Robots That Reason: A New Approach to Vision and Action

Author: Denis Avetisyan


Researchers have developed a novel model that allows robots to plan and execute complex manipulation tasks by reasoning about the world around them in a more human-like way.

The LaST0 framework establishes a unified vehicle model leveraging a dual-system architecture-a slow reasoning expert and a fast-acting expert-that interact via shared self-attention, where the former constructs a spatio-temporal latent CoT through autoregressive prediction of latent tokens and the latter generates actions via flow matching conditioned on high-frequency observations and periodically updated latent representations, all within a training procedure utilizing staged parameter updates to ensure both latent reliability and robust action generation.
The LaST0 framework establishes a unified vehicle model leveraging a dual-system architecture-a slow reasoning expert and a fast-acting expert-that interact via shared self-attention, where the former constructs a spatio-temporal latent CoT through autoregressive prediction of latent tokens and the latter generates actions via flow matching conditioned on high-frequency observations and periodically updated latent representations, all within a training procedure utilizing staged parameter updates to ensure both latent reliability and robust action generation.

LaST0 leverages a latent spatio-temporal chain-of-thought within a dual-system architecture to enable efficient and coherent robotic vision-language-action control.

Explicit reasoning is often a bottleneck in robotic manipulation, hindering the temporal responsiveness needed for complex tasks. This limitation motivates ‘LaST$_{0}$: Latent Spatio-Temporal Chain-of-Thought for Robotic Vision-Language-Action Model’, which introduces a framework leveraging a compact latent space to model future visual dynamics, 3D structure, and robot proprioception. By enabling temporally consistent, implicit reasoning via a dual-system Mixture-of-Transformers architecture, LaST$_0$ achieves improved action accuracy and substantially faster inference compared to existing Vision-Language-Action models. Could this approach unlock more adaptable and efficient robotic systems capable of truly interactive manipulation?


The Inevitable Bottleneck: Reasoning Beyond Brute Force

Many language models currently function by breaking down problems into discrete, symbolic steps – a process akin to meticulously tracing a logical argument. While effective for certain tasks, this explicit reasoning can quickly become computationally prohibitive as problem complexity increases. Each step demands processing power and memory, leading to significant slowdowns and increased resource demands. Furthermore, this approach proves brittle; even minor variations in input phrasing or problem structure can disrupt the carefully constructed symbolic chain, leading to errors. This reliance on precise, step-by-step deduction limits the model’s ability to generalize and adapt to novel situations, hindering robust performance in real-world applications where ambiguity and nuance are commonplace.

Current artificial intelligence systems often struggle with reasoning tasks due to the limitations of their working memory. While increasing model size – and therefore explicit memory – can improve performance, this approach quickly becomes unsustainable and computationally prohibitive. A significant hurdle in advancing AI lies in developing methods that enable efficient reasoning without continually expanding the model’s memory footprint. Researchers are actively investigating techniques to compress information and perform inferences within a more constrained, lower-dimensional space, mirroring the efficiency of human cognition. This pursuit involves not just storing facts, but also learning to prioritize relevant information and generalize from limited data, effectively allowing the system to ‘think’ smarter, not just ‘remember’ more.
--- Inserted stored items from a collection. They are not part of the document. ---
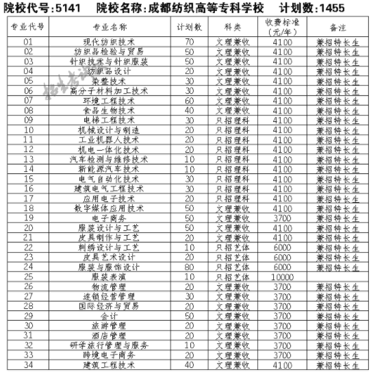 2021成都纺织高等专科学校在川单招专业及招生计划
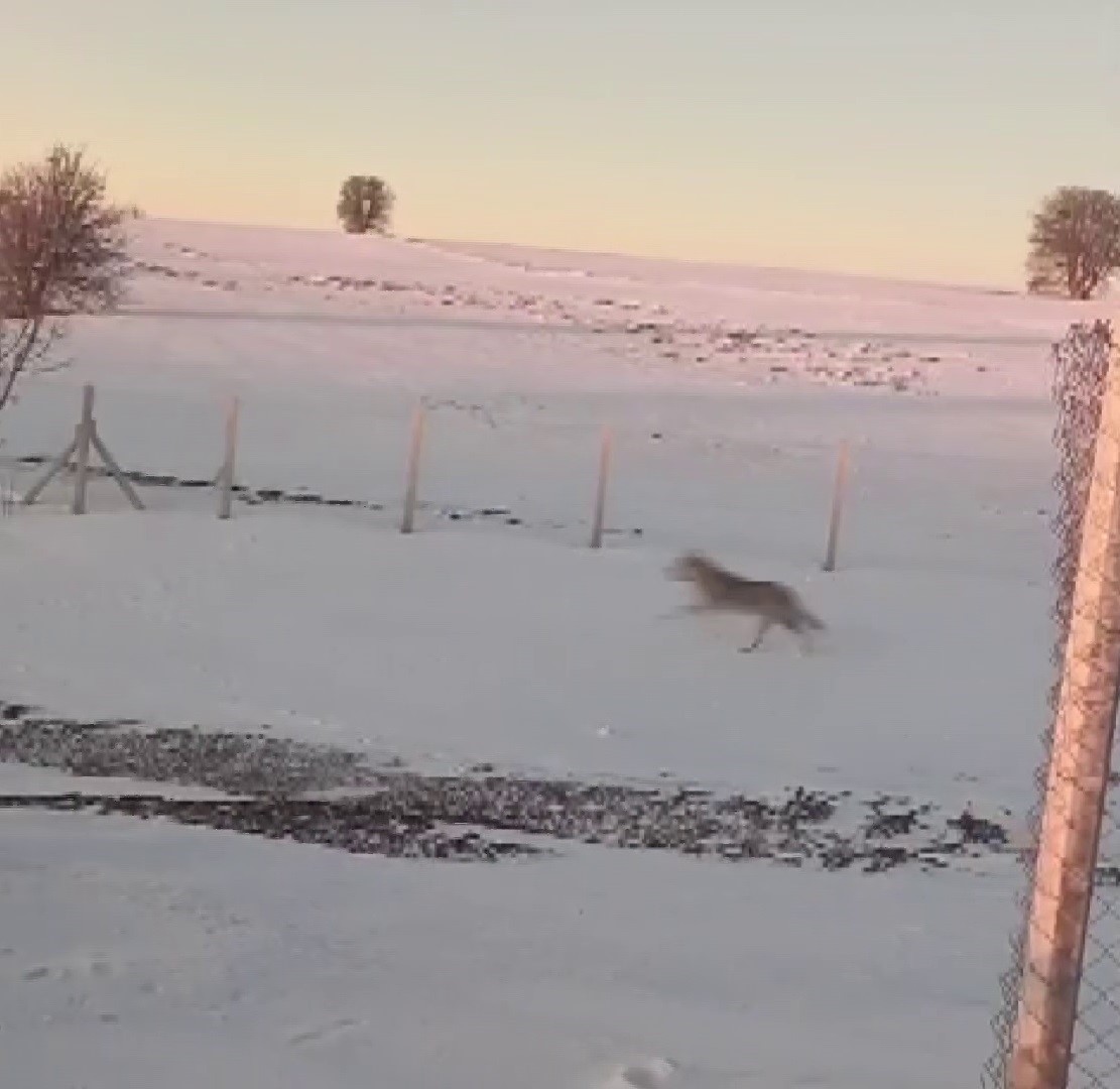 Sivas’ta tel örgülü alanda mahsur kalan bir kurdun kurtulma çabası cep telefonu kamerasına yansıdı. Kurt, bir süre çıkış aradıktan sonra telin üzerinden atlayarak sürüsüne kavuştu. Sivas’ta yaşayan Mustafa Yalçınkaya, aracıyla Kolluca köyü yakınlarında seyahat ettiği sırada yaklaşık 7-8 kurtluk bir sürüyle karşılaştı. Aracı fark eden kurtların bir kısmı hızla sağa sola dağılırken, sürüdeki kurtlardan biri tel örgülerle kaplı bir alana girdi. Tek giriş noktası bulunan alandan çıkmaya çalışan kurt, bir süre panik halinde sağa sola çarptı. Çıkış yolu arayan kurt, tel örgüleri ağzı ve pençeleriyle parçalamaya çalıştı. O anları cep telefonu kamerasıyla kayda alan Yalçınkaya, kurdun çitlerin çıkışını bulamayınca bir süre daha tel örgüler arasında dolaştığını belirtti. Kurt, sonunda tel örgülerin üzerinden atlayarak kapalı alandan çıkmayı başardı. Özgürlüğüne kavuşan kurt, kısa sürede diğer kurtların bulunduğu sürünün yanına giderek gözden kayboldu. O anlar ise Yalçınkaya’nın cep telefonu kamerasına saniye saniye yansıdı. "Telleri parçalamaya çalıştı" Daha önce bu kadar kalabalık bir kurt sürüsü görmediğini söyleyen Mustafa Yalçınkaya, "Sabah saatlerinde aracımlar Kolluca köyü yakınlarında yaklaşık 7-8 tane olan bir kurt sürüsü karşılaştım. İlk başta karşı karşıya kaldığım esnada hiçbir şekilde hareket etmediler. Daha sonra hareket etmeye başlayınca her biri bir tarafa dağılmaya başladı. Sadece içlerinden bir kurt telle kapalı bir alana girdi. Tek girişi olduğu için çıkmaya çalıştı ve kendisini bir sağa bir sola çarptı. Hatta teli ağzı ve pençesi ile parçalamaya çalışıyor. En sonunda telin üstünden atlayarak diğer sürünün yanına gitti. Uzun yıllardır bu güzergahı kullanıyorum. İlk defa bu kadar kalabalık bir sürüye denk geldim" dedi.
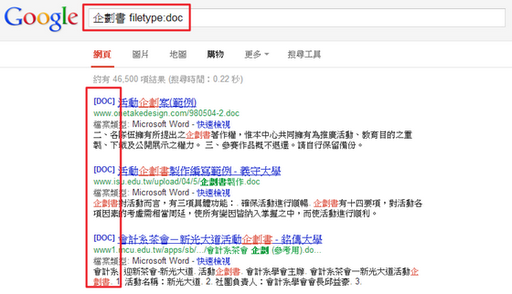 當(dāng)學(xué)生需要做報(bào)告、上班族需要查找資料的時(shí)候,我們常常需要找的是Word文件或者是PPT簡報(bào),該怎么搜尋特定副檔名?這時(shí)候可以直接在Google搜尋框內(nèi)輸入filetype:doc,搜尋出來的結(jié)果就會(huì)全部都是Word的文件檔啰!使用者可以依照需要自己輸入要搜尋的副檔名。

Current research increasingly focuses on enabling reasoning processes within compressed representational spaces, moving beyond the limitations of explicitly storing and manipulating symbolic information. This approach acknowledges that effective reasoning doesn’t necessarily require vast memory; instead, intelligence may reside in the ability to distill information into essential features and perform computations on these lower-dimensional embeddings. By projecting complex problems into a compact space, models can potentially achieve comparable, or even superior, reasoning performance with significantly reduced computational cost and improved generalization capabilities. This shift necessitates the development of novel techniques – such as information bottleneck methods and dimensionality reduction algorithms – capable of preserving the core relational structure of knowledge while discarding irrelevant details, ultimately paving the way for more efficient and scalable artificial intelligence systems.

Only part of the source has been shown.